Union types!! If everything’s a type and nothing works together, start wrapping them in interfaces and define an über type that unions everything everywhere all at once.
Welcome to typescript. Where generics are at the heart of our generic generics that throw generics of some generic generic geriatric generic that Bob wrote 8 years ago.
Because they can’t reason with the architecture they built, they throw it at the type system to keep them in line. It works most of the time. Rust’s is beautiful at barking at you that you’re wrong. Ultimately it’s us failing to design flexibility amongst ever increasing complexity.
Remember when “Components” where “Controls” and you only had like a dozen of them?
Remember when a NN was only a few hundred thousand parameters?
As complexity increases with computing power, so must our understanding of it in our mental model.
However you need to keep that mental model in check, use it. If it’s typing, do it. If it’s rigorous testing, write your tests. If it’s simulation, run it my friend. Ultimately, we all want better quality software that doesn’t break in unexpected ways.

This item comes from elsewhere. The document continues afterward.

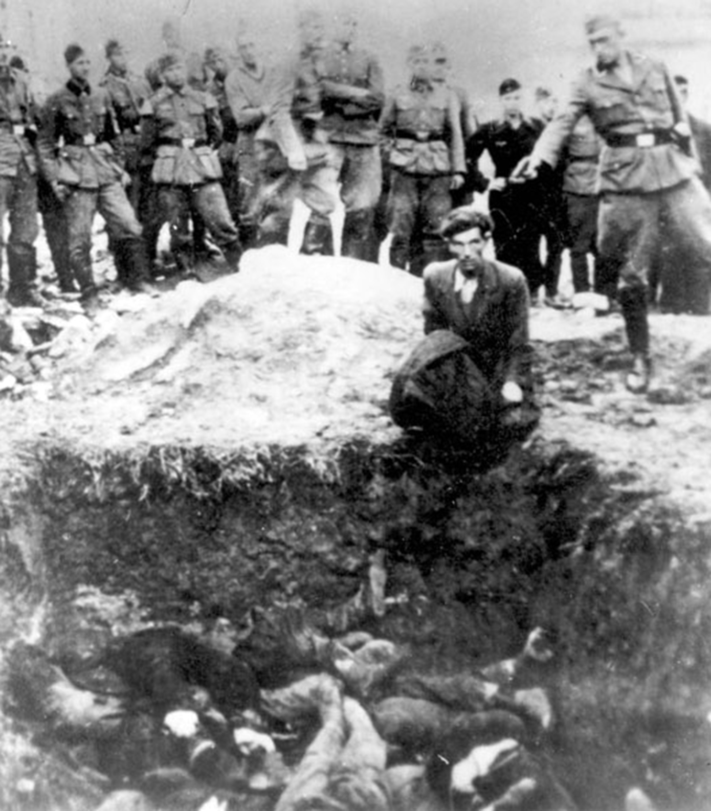 Στην ανατριχιαστική φωτογραφία, που τραβήχτηκε στη σημερινή Ουκρανία, ένας ναζί εκτελεστής με γυαλιά σημαδεύει με το όπλο του έναν άνδρα που γονατίζει μπροστά σε έναν μαζικό τάφο, ενώ άλλοι στρατιώτες των SS παρακολουθούν, όπως αναφέρει το δημοσίευμα της nypost. Η ταυτότητα του εκτελεστή παρέμενε άγνωστη για δεκαετίες, μέχρι που ο Μάτιους αποκάλυψε πως πρόκειται για τον Γιάκομπους Όνεν (Jakobus Onnen), καθηγητή γαλλικών, αγγλικών και γυμναστικής, γεννημένο το 1906 στο Τίχελβαρφ της Γερμανίας.

union types are great. But alone they are not sufficient for many cases. For example, try to define a datastructure that captures a classical evaluation-tree.
You might go with:
type Expression = Value | Plus | Minus | Multiply | Divide;
interface Value { type: "value"; value: number; }
interface Plus { type: "plus"; left: Expression; right: Expression; }
interface Minus { type: "minus"; left: Expression; right: Expression; }
interface Multiply { type: "multiply"; left: Expression; right: Expression; }
interface Divide { type: "divide"; left: Expression; right: Expression; }
And so on.
That looks nice, but when you try to pattern match on it and have your pattern matching return the types that are associated with the specific operation, it won't work. The reason is that Typescript does not natively support GADTs. Libs like ts-pattern use some tricks to get closish at least.
And while this might not be very important for most application developers, it is very important for library authors, especially to make libraries interoperable with each other and extend them safely and typesafe.
An adjacent point is to use checked exceptions and to handle them appropriate to their type. I don't get why Java checked exceptions were so maligned. They saved me so many headaches on a project where I forced their use as I was the tech lead for it.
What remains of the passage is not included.